* [DATASET]:
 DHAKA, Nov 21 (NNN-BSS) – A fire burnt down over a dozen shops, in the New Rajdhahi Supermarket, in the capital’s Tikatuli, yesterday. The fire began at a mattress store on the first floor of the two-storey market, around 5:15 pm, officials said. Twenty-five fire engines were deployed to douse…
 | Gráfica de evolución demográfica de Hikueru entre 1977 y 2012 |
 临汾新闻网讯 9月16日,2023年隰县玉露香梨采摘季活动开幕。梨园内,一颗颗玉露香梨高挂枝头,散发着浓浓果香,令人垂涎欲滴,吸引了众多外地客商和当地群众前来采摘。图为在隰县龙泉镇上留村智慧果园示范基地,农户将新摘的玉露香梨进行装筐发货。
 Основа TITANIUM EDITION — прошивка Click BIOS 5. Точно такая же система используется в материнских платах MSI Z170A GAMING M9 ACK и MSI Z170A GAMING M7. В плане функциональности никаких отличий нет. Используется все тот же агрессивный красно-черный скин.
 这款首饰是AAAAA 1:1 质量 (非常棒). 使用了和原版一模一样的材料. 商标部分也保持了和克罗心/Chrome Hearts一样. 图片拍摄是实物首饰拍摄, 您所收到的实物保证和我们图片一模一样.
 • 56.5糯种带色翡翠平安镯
...
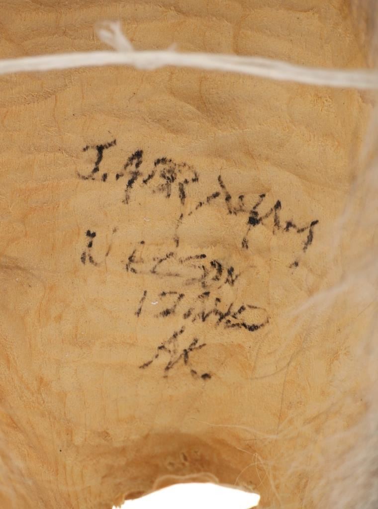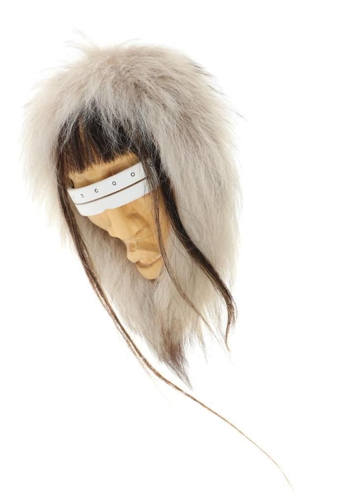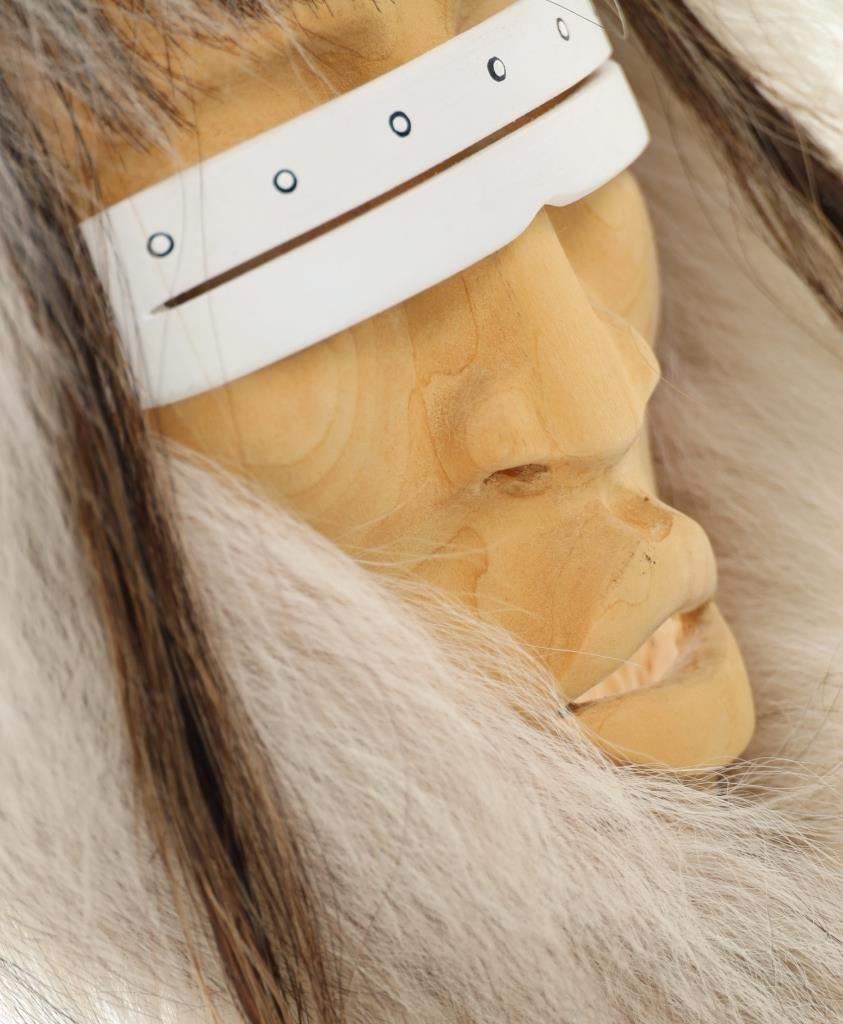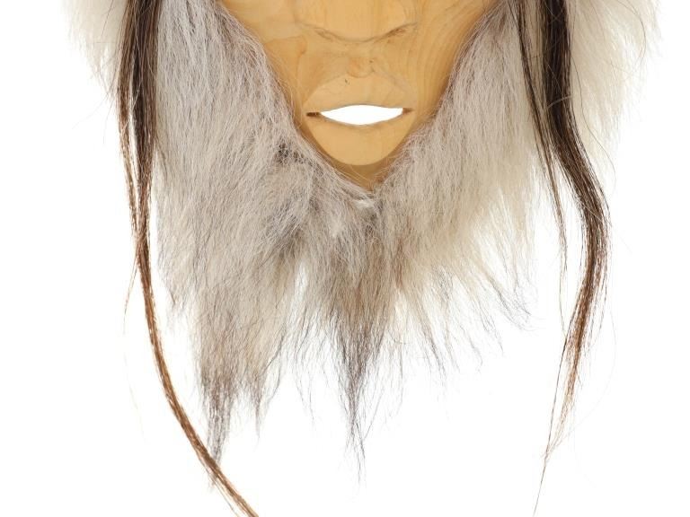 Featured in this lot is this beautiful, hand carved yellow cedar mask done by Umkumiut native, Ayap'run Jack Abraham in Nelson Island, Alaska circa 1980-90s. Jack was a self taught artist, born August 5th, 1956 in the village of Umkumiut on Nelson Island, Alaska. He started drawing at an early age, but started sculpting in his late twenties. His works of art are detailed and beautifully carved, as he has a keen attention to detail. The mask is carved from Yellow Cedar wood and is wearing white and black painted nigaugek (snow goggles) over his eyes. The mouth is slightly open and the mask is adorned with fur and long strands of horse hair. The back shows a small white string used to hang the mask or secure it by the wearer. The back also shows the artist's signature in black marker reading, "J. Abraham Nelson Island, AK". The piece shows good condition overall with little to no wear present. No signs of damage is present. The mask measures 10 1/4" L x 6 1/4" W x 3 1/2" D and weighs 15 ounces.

* [WORK TO COMPLETE]:
Return, word for word, the lines of the data above from the line with "DHAKA, Nov 21" through the line with "1977 y 2012 |", inclusive.

* [OUTPUT OF THE EXERCISE]:
 DHAKA, Nov 21 (NNN-BSS) – A fire burnt down over a dozen shops, in the New Rajdhahi Supermarket, in the capital’s Tikatuli, yesterday. The fire began at a mattress store on the first floor of the two-storey market, around 5:15 pm, officials said. Twenty-five fire engines were deployed to douse…
 | Gráfica de evolución demográfica de Hikueru entre 1977 y 2012 |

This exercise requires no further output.